DESCRIPTION OF THE TASK: Among the entries that follow, locate the line with "Sediolone pappa, colore" and the line with "新星雙語學(xué)校:首頁>>>2014年中考光榮榜 |". Output those lines and all lines in between, exactly, minus the pictures.

Stored entries:
****************************************
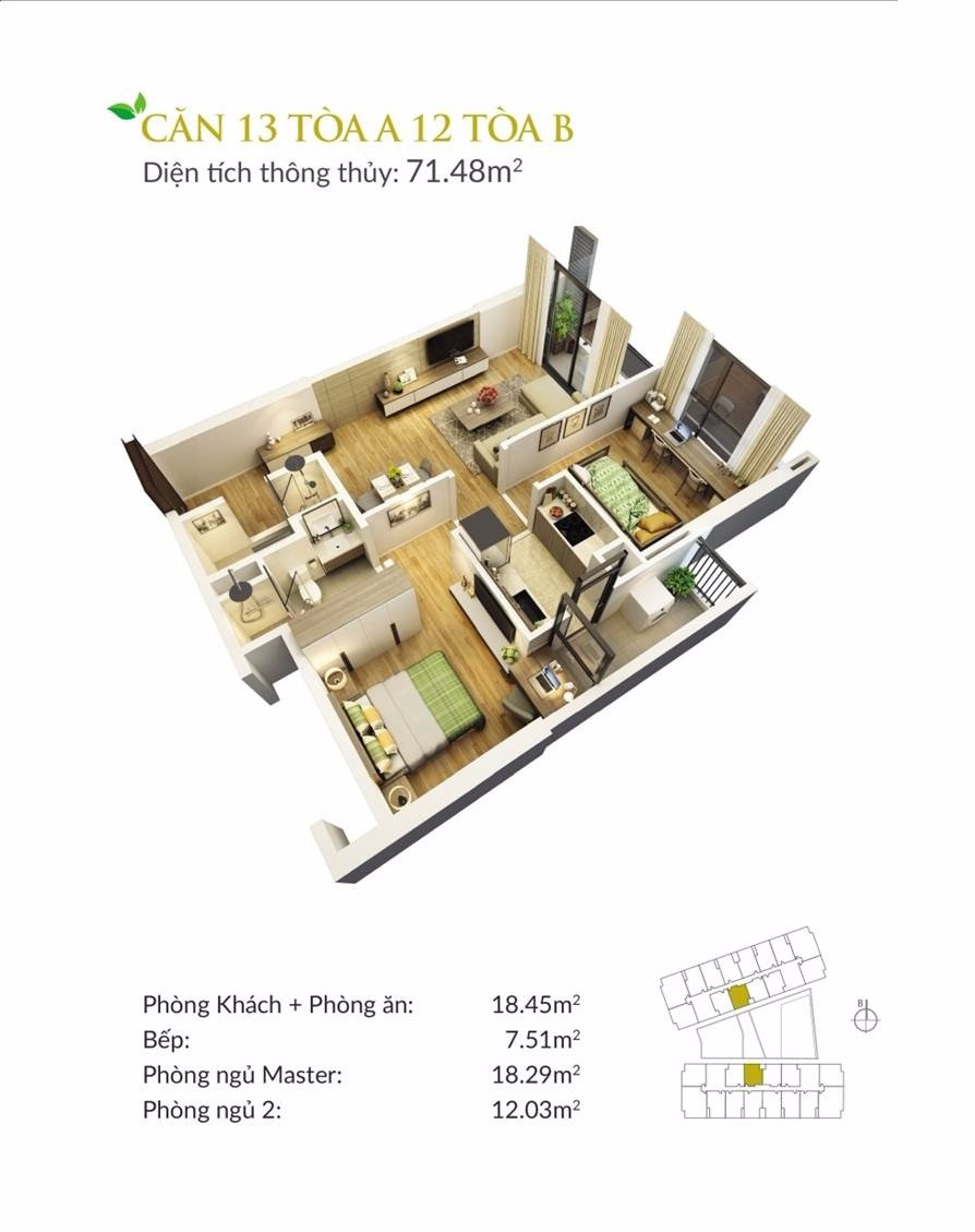 - Căn hộ 2 phòng ngủ có diện tích từ 71.48 đến 74.21 mét vuông, lý tưởng cho các gia đình nhỏ hoặc cá nhân.
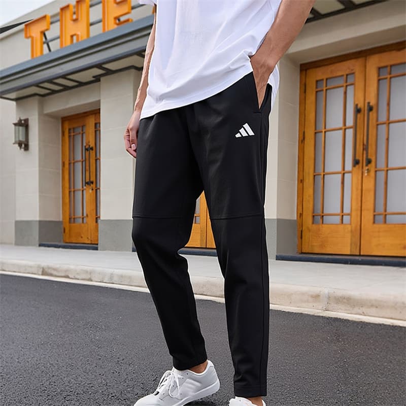 角标 ADIDAS阿迪达斯 男 梭织长裤 2025秋季新款男士运动裤直筒裤休闲裤 KC2877 黑色速干透气 简约百搭
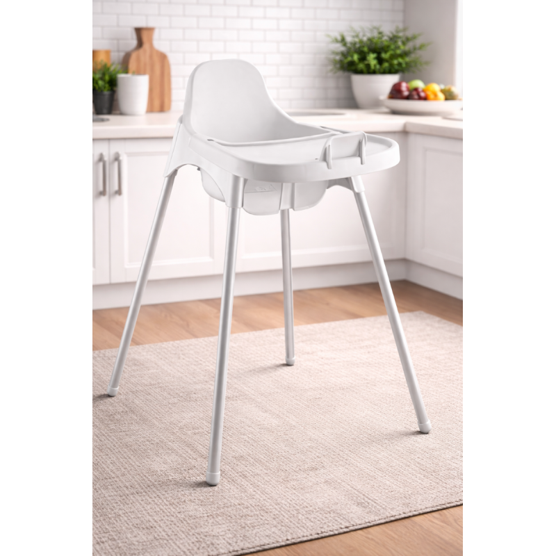 Sediolone pappa, colore bianco, materiale plastica, gambe in metallo, con piedini antiscivolo, età 6/36 mesi, peso massimo 15kg
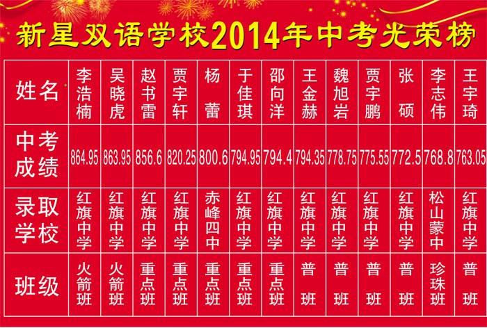 新星雙語學(xué)校:首頁>>>2014年中考光榮榜 |
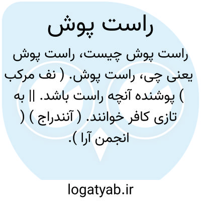 راست پوش. ( نف مرکب ) پوشنده آنچه راست باشد. || به تازی کافر خوانند. ( آنندراج ) ( انجمن آرا ). ملحد. ( ناظم الاطباء ). بمعنی کافر از ساخته های دساتیر است. ( یادداشت مولف ).
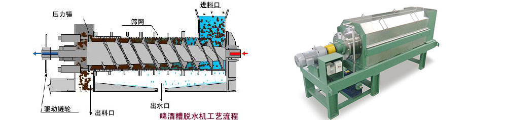 啤酒糟脫水機是鄭州泰達設(shè)備有限公司針對啤酒糟液分離開發(fā)的專用脫水設(shè)備。啤酒糟脫水機可將含水量85%左右的啤酒糟液擠壓處理到55~60%左右的含水率。啤酒糟脫水機采用螺旋擠壓脫水機對物料進行脫水,螺旋擠壓脫水機可廣泛應(yīng)用于高濕糟渣物料干燥前的脫水作業(yè),如酒糟、果渣、啤酒糟、木薯渣等的脫水,大大減輕干燥機的負擔(dān),產(chǎn)量大幅度提高,能耗大幅度降低,是高濕物料干燥前必不可少的處理設(shè)備,經(jīng)過脫水后的物料可以直接進入干燥設(shè)備,大幅度降低了干燥能耗。
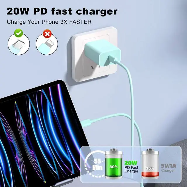 Type C Fast Charger:You can charge your Phone 15 and 16 series with this charger kit which includes 2 pack USB C power adapters and 2 pack USB C cables. The USB C charger supports 20W Power Delivery charging, meaning you can charge your Phone 15 and 16 to 50% in just 30mins--3x faster than a 5W charger.
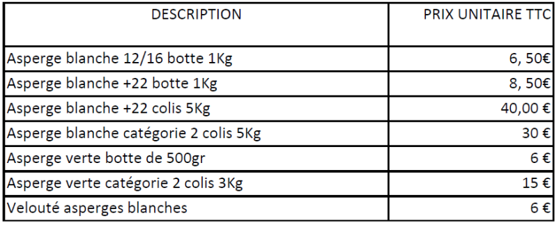 Asperges tarifs 2025
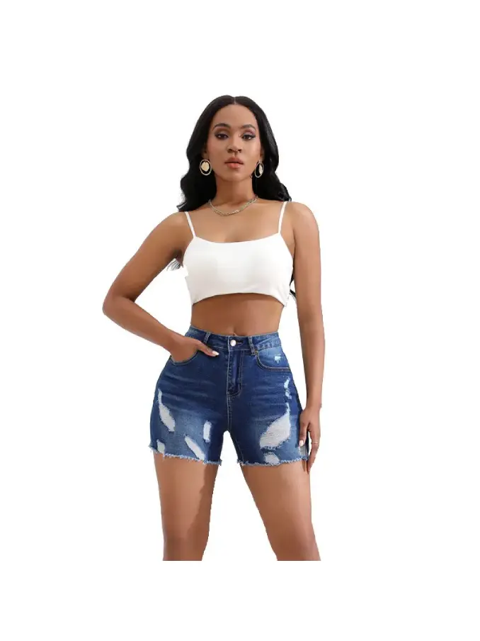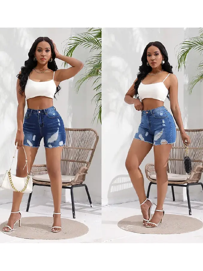 Embrace a blend of edgy style and comfort with our Women's Cut Off Ripped Distressed High Waisted Stretchy Denim Shorts, designed to elevate your casual wardrobe with a bold statement. Crafted from high-quality stretch denim, these shorts feature a high-waisted design that offers a flattering fit while providing flexibility and comfort. The cut-off style and distressed detailing add a rebellious edge, creating a trendy and urban-inspired look.
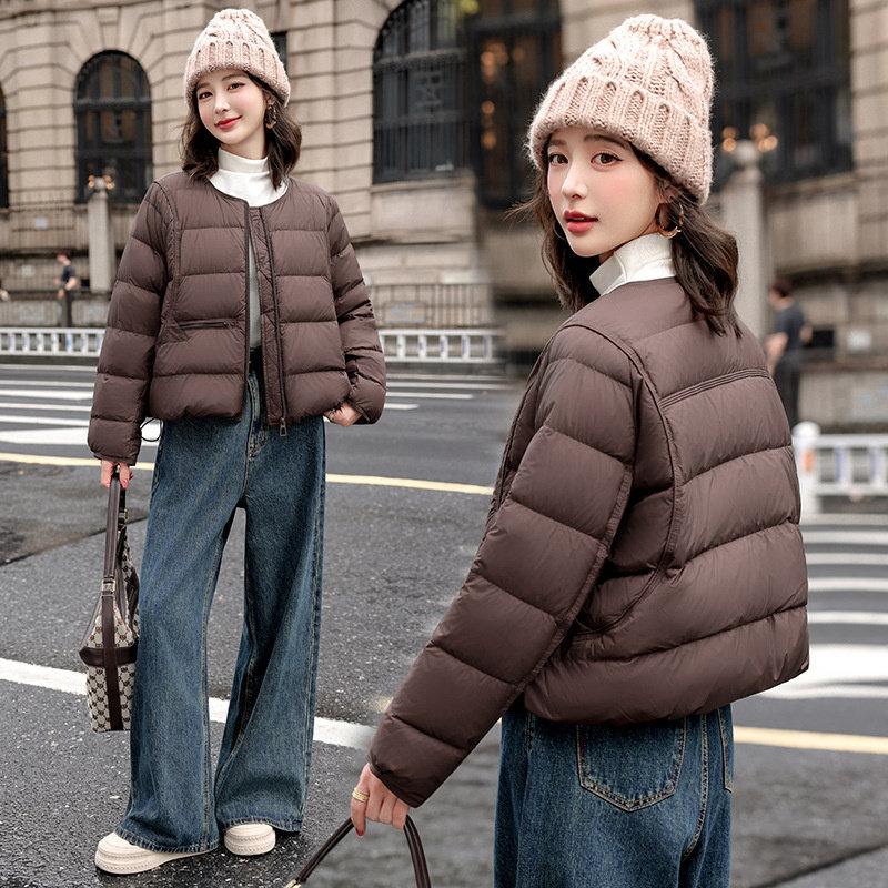 佟丽娅明星同款鸭鸭轻薄羽绒服短款女2025冬新款修身无领内胆保暖
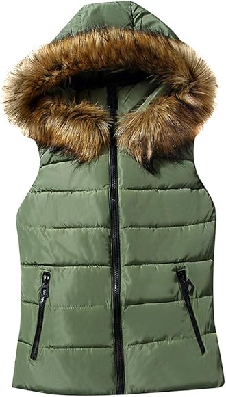 Fur collar puffer vest clearance, BOFETA Women's Down Vest Winter Vest Fur Hood Trim Padding Down Vest Plus Size Army Green S : Amazon.ca: Clothing, Shoes u0026 Accessories clearance
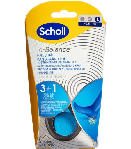Scholl In-balance sålen hjælper med at absorbere stressinducerende shocks igennem underkroppen. Sålen gør, at trykket fra kropsvægten spredes mere jævnt over foden. Derudover bliver fodens position stabiliseret, så ens naturlige måde at gå på, støttes. Sholl In-Balance sålen reducerer stød på ledbånd og sener og hjælper dermed til at lindre smerter i hælen. Str. large passer til str. 42-45 i sko. Bemærkning Hvis du har diabetes eller dårlig blodcirkulation, kan du have en risiko for at udvikle fodrelaterede komplikationer. Søg venligst råd fra en læge eller fodterapeut før du bruger dette produkt. Dosis og anvendelse Før brug skal du sikre, at produktet passer godt i skoen. Om nødvendigt kan du tage den eksisterende indlægssål ud. Indlægssålens hæl skal anbringes mod skoens bagside.For nogle mennesker kan det tage lidt tid, før de smertelindrende indlægssåler føles behagelige. Fødderne har brug for at vænen sig til indlægssålens strukturelle egenskaber.Opbyg eventuelt brugen ved at gå med In-Balance Pain Relief indlægssålerne i et stigende antal timer hver dag, indtil du kan gå med dem hele dagen. ...
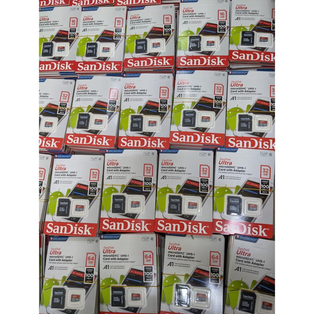 Thẻ nhớ sandisk 64GB /32Gb/16GB/8GB dùng điện thoại, máy ảnh - Thẻ nhớ tốc độ cao Class 10 Ultra 667x 100MB/s -BH 5 nămLưu ý : Sản phẩm có thể rọc box để dán tem bảo hành lên thẻ, các thẻ nhớ được bảo hành 12 tháng dựa vào tem bảo hành trên thẻ. Sản phẩm có kèm hộp nhựa. Thẻ nhớ được dùng kèm với Adapter SD cho những tác vụ lưu trữ trên máy ảnh chuyên nghiệp hoặc Laptop PC thiết bị có hỗ trợ cổng SD. Nếu chỉ dùng cho điện thoại, camera ip hoặc máy nghe nhạc...thì không cần kèm Adapter SD.
****************************************
TASK SOLUTION:
 Sediolone pappa, colore bianco, materiale plastica, gambe in metallo, con piedini antiscivolo, età 6/36 mesi, peso massimo 15kg
 新星雙語學(xué)校:首頁>>>2014年中考光榮榜 |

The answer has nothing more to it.